Jack Blatherwick

Aerobic fitness is essential in hockey; aerobic training is not


By Jack Blatherwick
Let’s Play Hockey Columnist

Review: Aerobic metabolism combines oxygen with dietary and stored fuels to produce energy for muscle contraction. Anaerobic metabolism also produces energy, but uses no oxygen. It is less efficient, and the principal fuel is stored in the muscle, not delivered in the blood as it is for aerobic metabolism. 

Aerobic fitness increases stamina for long, slow exercise. It also increases the ability to recover between shifts of a hockey game. Long, slow aerobic training, sometimes called “cardio,” is popular among adults seeking cardiovascular fitness, low body fat and a healthy lifestyle. 

However, it has been known for decades that a high intensity anaerobic interval training program, can (if planned well) reap the benefits of aerobic training and also increase speed, quickness, and explosive strength (Fox EL, Mathews DK. Interval Training: Conditioning for Sports and General Fitness. Publ: WB Saunders, 1974).

Aerobic and anaerobic metabolism use different enzymes so, of course, they are taught separately. This should not lead us into the trap of training them in separate workouts, because in a hockey game, both are working simultaneously in different types of muscle fibers (long, thin muscle cells). 
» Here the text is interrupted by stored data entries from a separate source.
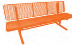
8' Champion Supreme Bench 936-501, 502, 507 All Mounts* 10' Supreme not pictured
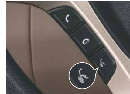
Voice recognition button on steering
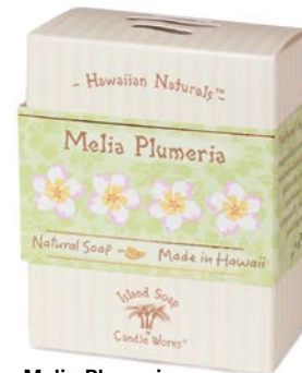
Melia Plumeria # 154P
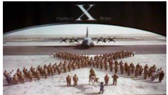
Plane and troops on the tarmac

On October 5, 2010, Tom was notified that the camp was to be closed down within 30 days. By November 1, all negotiations and briefings by the Mission Closure Team were completed, and sea containers were shipped out. There were many concerns about the closure - mission continuity, continued good relations with the UAE, support to the allies, proper disposal of assets, financial accounts and an orderly, respectful departure.
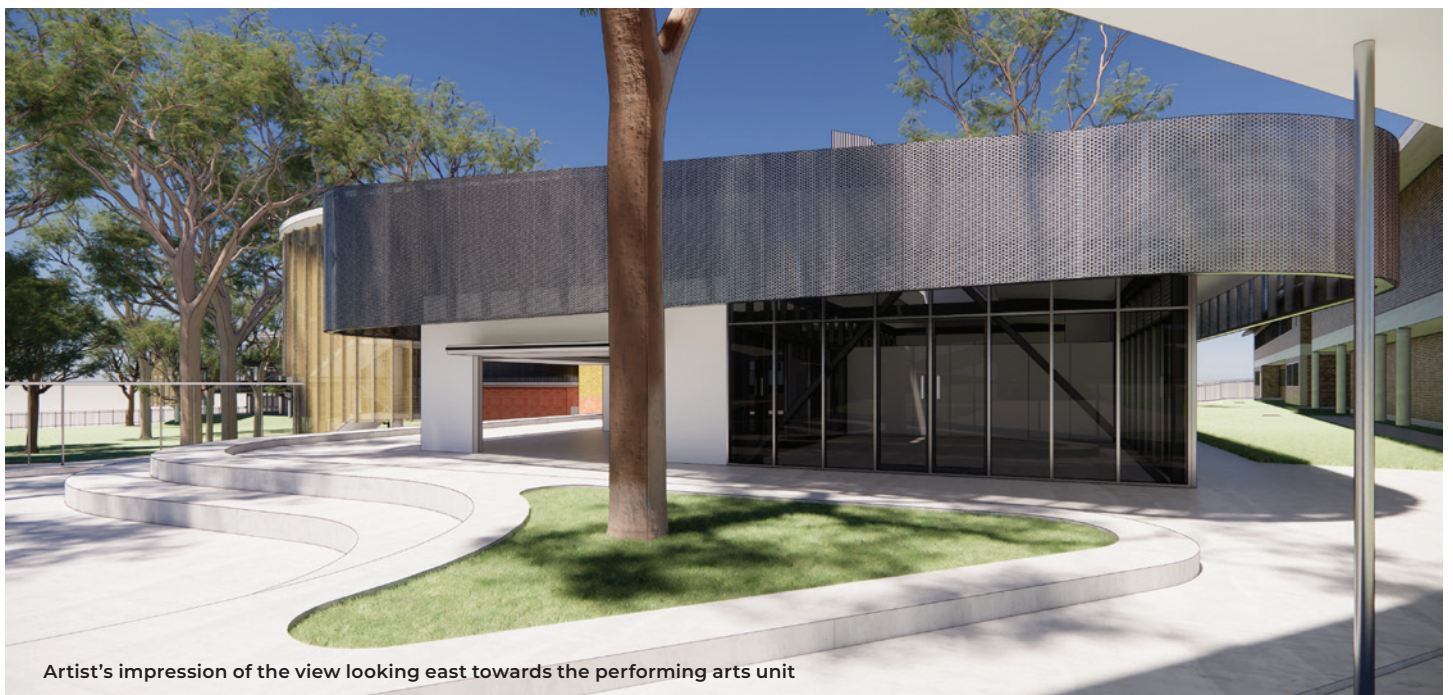
Artist's impression of the view looking east towards the performing arts unit

Slow-twitch fibers (ST) are active at all levels of intensity, from walking or jogging to fast sprinting, and they specialize in aerobic metabolism. When exercise intensity increases, as in sprinting, jumping, skating and strength training, fast-twitch muscle fibers (FT) are recruited, working alongside the ST fibers to meet the challenge.

ST fibers appear reddish (like the red meat of a turkey) because they have a greater density of capillaries (small blood vessels) and iron-rich molecules (myoglobin) that bind oxygen in the muscle cell, causing a reddish color in the same way iron combines with oxygen to form rust. 

FT fibers are only activated when exercise is intense. Because they contain enzymes for anaerobic metabolism, they are much more explosive, but do not have the endurance of ST fibers, until they are trained with appropriate intervals. 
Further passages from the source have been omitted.